That's what happens when you have to chase her down. Damn these young ones can run.


----------



## greeneyedky (Aug 21, 2010)

My ex and I had a decent sexual relationship up till the affair. But I was never like this till my current fiancé. I never even experienced orgasm(g-spot)only clitoral till him. So maybe that's the reason IDK. But I would love to get "drowsy" and fall asleep lol. We do have breaks every so often, only cause I ask if I can just please him. We both have high sex drives, but if we had sex every night like we wanted I would be a forever zombie. This way he still gets pleased, and I can sleep. I love that he understands and doesn't get upset, but he doesn't like the fact that we can't have sex all the time due to fact that I can't sleep afterwards if it's at night. We did try mornings, which worked for awhile till his job required earlier clocking in. Just so frustrating ...... Guess that's why I was here looking to see if anyone else has gone through this.
_Posted via Mobile Device_


----------



## mary35 (Jul 18, 2010)

This also happens to me - so when we have sex at night I please him only. I get mine in the mornings and on weekends. (I love those leisurely weekend sessions!!!) This issue definitely has not been convenient cause my husbands job is also requiring him to work earlier - so sometimes I do a solo. 

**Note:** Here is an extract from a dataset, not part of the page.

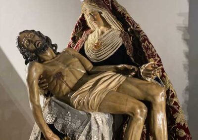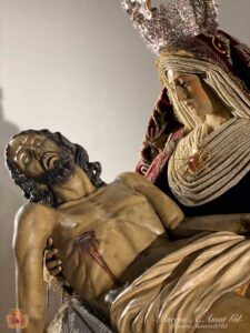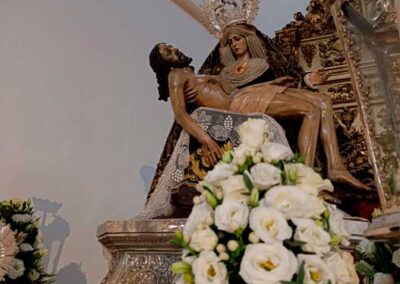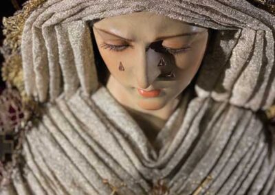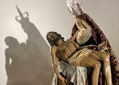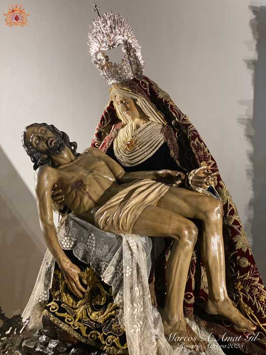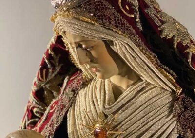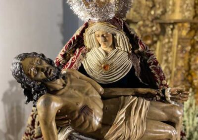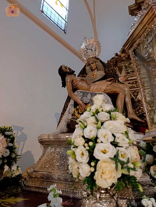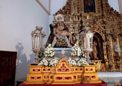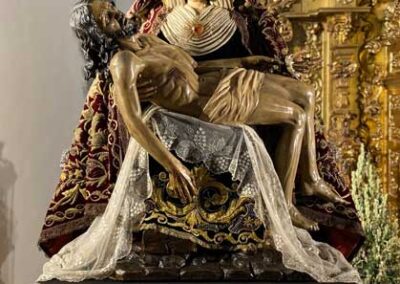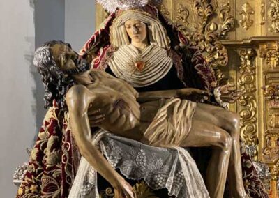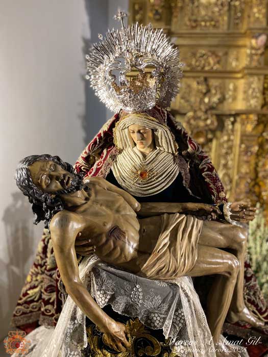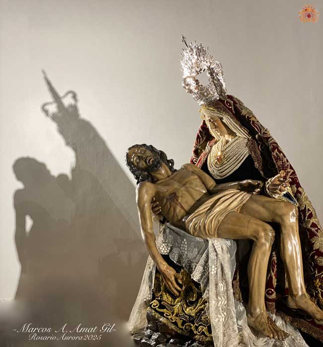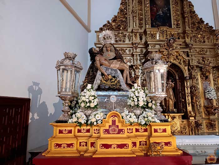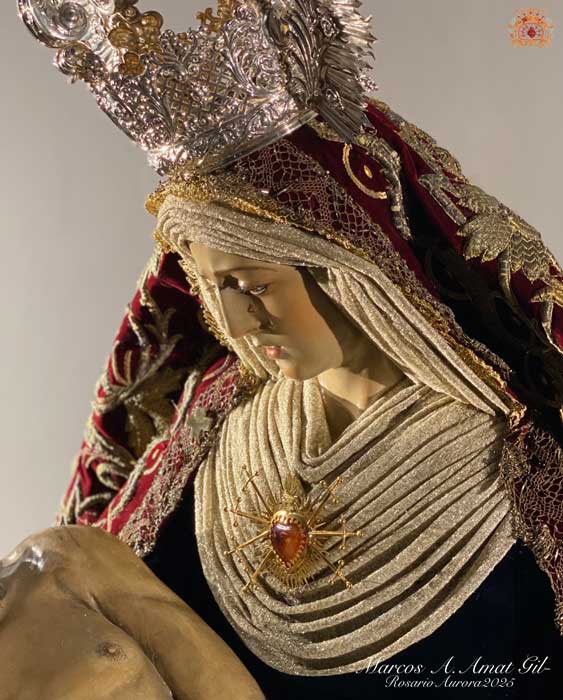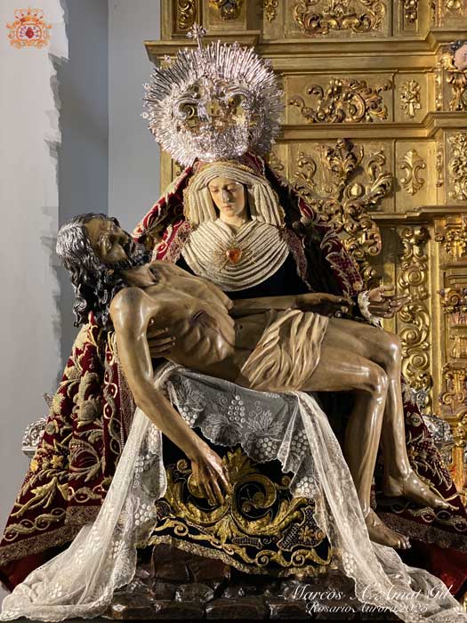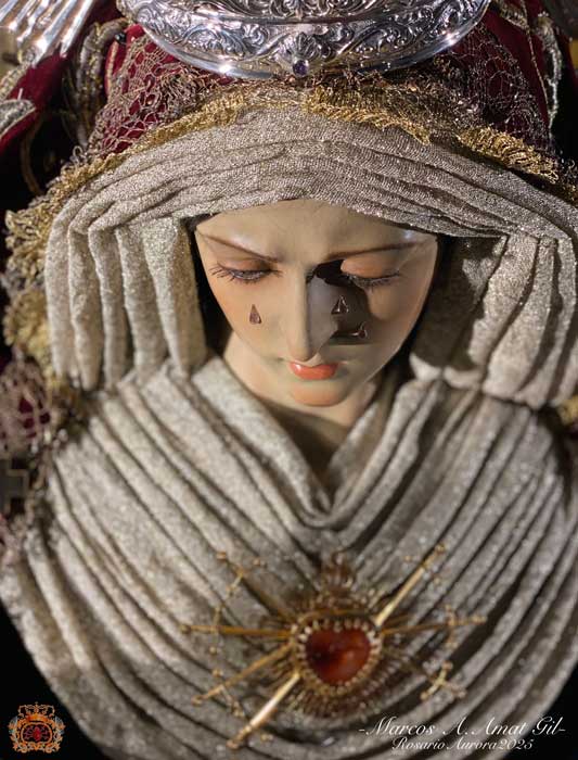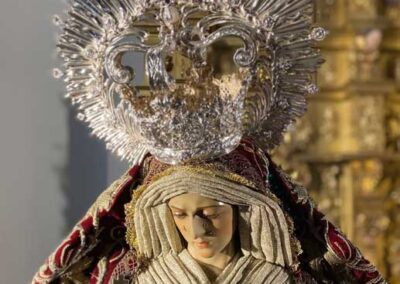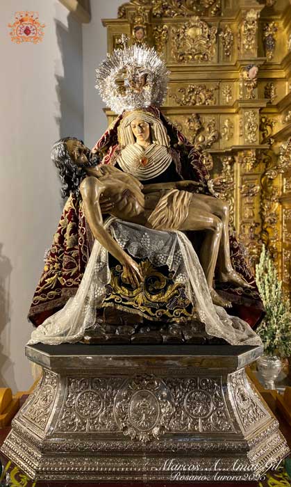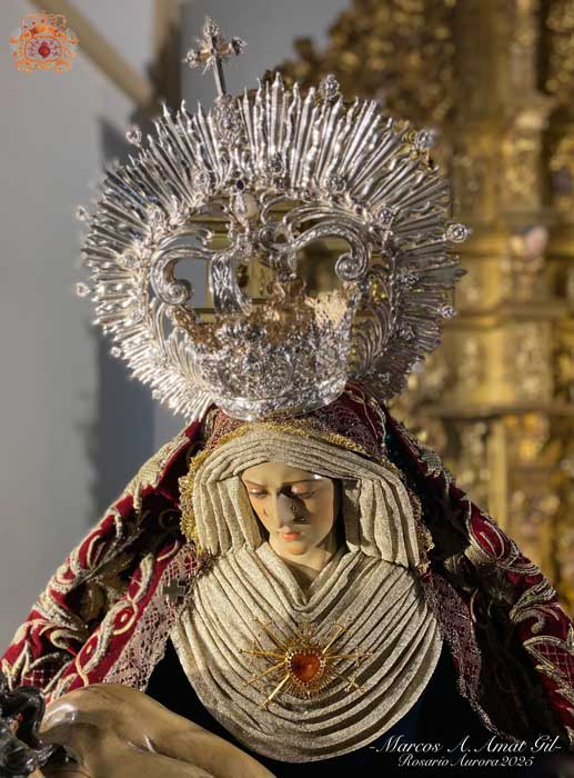 Para la ocasión, la Mayordomía de nuestra Antigua y Venerable Hermandad ha montado un altar efímero en donde se nos muestra a Nuestra Señora de las Angustias en sus andas antiguas de Rosario de la Aurora, ataviada magistralmente por el vestidor D. José Carlos Gutiérrez, con su manto procesional barroco, bordado en oro en terciopelo de seda color burdeos de finales del siglo XVIII y saya azul bordado. Las andas del Rosario de la Aurora están engalanados por un magnífico exorno floral creado por nuestro florista.

Sometimes I do fall asleep shortly after an orgasm, but only for about a half hour or so and then I am up and ready to move.

Don't know why it happens, just know that it does and we have learned to work around it. It IS frustrating but I haven't found any answers! I enjoy the evening play and it is very pleasurable I just don't let it go into an orgasm for me or I am up for several hours during the night while hubby is snoring soundly!


----------



## greeneyedky (Aug 21, 2010)

Thank goodness that there are others out there going through this. I thought I was crazy for awhile and so did my boyfriend lol. He couldn't at first understand how I could have so much energy to the point the house was spotless when he got up in the mornings lol. But he has now gotten use to it, and on nights afterwards he let's me sleep in  .....
_Posted via Mobile Device_


----------



## Nicbrownn80 (Mar 20, 2011)

I get that too! But idk what to say, I don't think cutting out sex is fair ....


----------



## greeneyedky (Aug 21, 2010)

Yeah no way in the world I would give it up, just wanna find a way around the energy.
_Posted via Mobile Device_


----------



## miater (Sep 12, 2010)

if you find an answer let me know. my wife uses this along with many other excuses not to have sex.


----------



## greeneyedky (Aug 21, 2010)

Lol, that I don't even understand. Honestly even in my first marriage I was never not in "the mood" for sex.(Now my fiances ex gave up on sex and anything involved about 2 yrs into their marriage) I think its a strong bond between a couple. Gave him whatever, whenever he wanted. Still to this day don't know why he cheated :/ ... Oh well on to better things  ..... 
In this relationship I never deny,because I LOVE sex especially w my fiance, he always concentrates on me first( which to him is a huge turnon and vice versa) I always in return give to him, all his wants and needs. I have only denied him once, due to a fall and me ending up w a concusions(different story there lol)other then that we always make time for each other.
_Posted via Mobile Device_


----------



## okeydokie (Sep 10, 2008)

my wife goes bonkers with energy afterwards


----------



## greeneyedky (Aug 21, 2010)

Well atleast I'm not alone in this .....lol
_Posted via Mobile Device_


----------



## VeryShyGirl (Feb 18, 2010)

I often feel that burst of energy after sex. Recently my husband and I have changed up the routine a little... we have sex early in the evening instead of waiting for when we go to bed. Then we get up and do stuff for a couple hours before bed. Great!


----------



## greeneyedky (Aug 21, 2010)

I don't get off work till 8pm, then we have kids, so even after I get home, we have the whole nightly routine. By the time that's done its near 10pm. Not quite an early evening lol.
_Posted via Mobile Device_


----------